Is this a good chipper? I'm just a private tree climber who cuts on the side. On average I do 8-10 jobs a month. I'm sick of throwing brush in the dump trailer and continuously jumping in to cut it down.
Would this be a good chipper for me?
I've also been looking at vermeers 1250s.


----------



## CalTreeEquip (Aug 11, 2013)

Those are nice chippers if they are working well. I would take a 150 over a BC1250.


----------



## lineman griff (Aug 11, 2013)

How big of a limb can that 150 take?


----------



## CalTreeEquip (Aug 11, 2013)

It has a 12" capacity although you'll have a hard time getting something that big under the roller. It can be just take takes some effort. 9" diameter logs are no problem. The 150 is just about the same thing as a Bandit 200. The feed rollers are set
to run at a slower speed then the 200. This makes for a more safe operations and produces smaller chips.


----------



## Oldmaple (Aug 11, 2013)

I think the 150 has a little narrower infeed chute (not the rollers but the chute) than the 200. Probably have to cut a few more crotches but still lots better than stuffing it down in a trailer. I'd take the 150 over the 1250 also.


----------



## CalTreeEquip (Aug 12, 2013)

Oldmaple said:


> I think the 150 has a little narrower infeed chute (not the rollers but the chute) than the 200. Probably have to cut a few more crotches but still lots better than stuffing it down in a trailer. I'd take the 150 over the 1250 also.

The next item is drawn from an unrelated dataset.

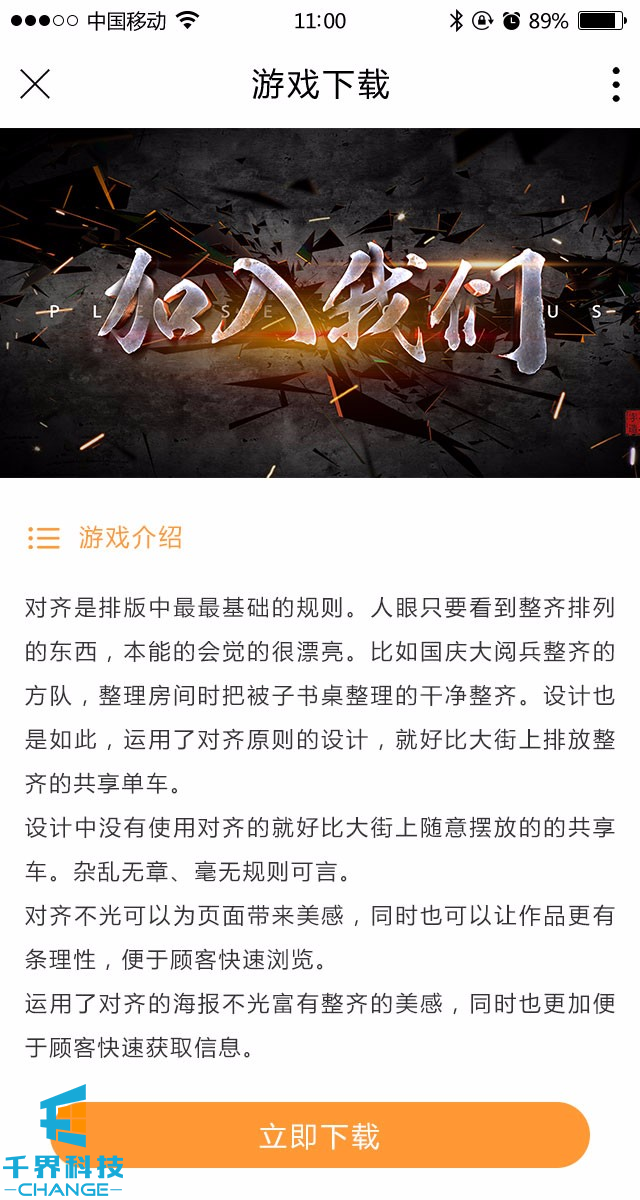 一款游戲官網(wǎng)小程序,包含公司介紹、下載二維碼、關(guān)于我們、加入我們等等

In later years there were more options on the feed side but in 92' a 150 and 200 feed chute should be the same. Rather on the narrow side.


----------



## lineman griff (Aug 12, 2013)

Thanks for the information guys. I'm just curious, why not the Vermeer. I've found one of them to look at also. It has a lot less hours and is only a few thousand more. The Vermeer has 400 hours and their asking $7500. The brush bandit has 2000 hours with a rebuilt Perkins diesel and it can be bought for $5000.


----------



## CalTreeEquip (Aug 12, 2013)

Both good prices provide they are in good shape.
The BC1250 is simply a different type of design. Lots of guys use them and love them. They take brushier material better then the 150 but can jam easier and un-jamming them is kind of a pain in the arss. Also the Vermeer is quite a bit heavier, larger feed table and has curb side feed. 
Its going to come down to which one you like better and is in better shape.
Look on youtube for demos of both types.
Here's one I made of a Bandit 150:
1997 Brush Bandit 150xp chipper demo from California Tree Equipment - YouTube


----------



## gdavis24 (Aug 12, 2013)

Suggest you demo the Bandit 150. Bring along six 3 to 10in limbs for a test. Ask to talk to the current mechanic. Unless it shakes, grinds or is covered with cracked welds, for $5k or less just buy it and get started. In no time at all your friends will ask for a loan. 
Build some high sides and a Conestoga tarp top for your dump trailer, or other truck if suitable. Ask around for a free place to dump the chips, or place local ad on CL for homeowners who want free chips.


----------



## lineman griff (Aug 13, 2013)

Thanks for the info guys. I missed out on the 150, so it's the Vermeer for $7000 or wait till something else comes along. Is $7000 a good price for the Vermeer with 400 hours ?


----------



## CalTreeEquip (Aug 13, 2013)

That a fair price if the hours are real.


----------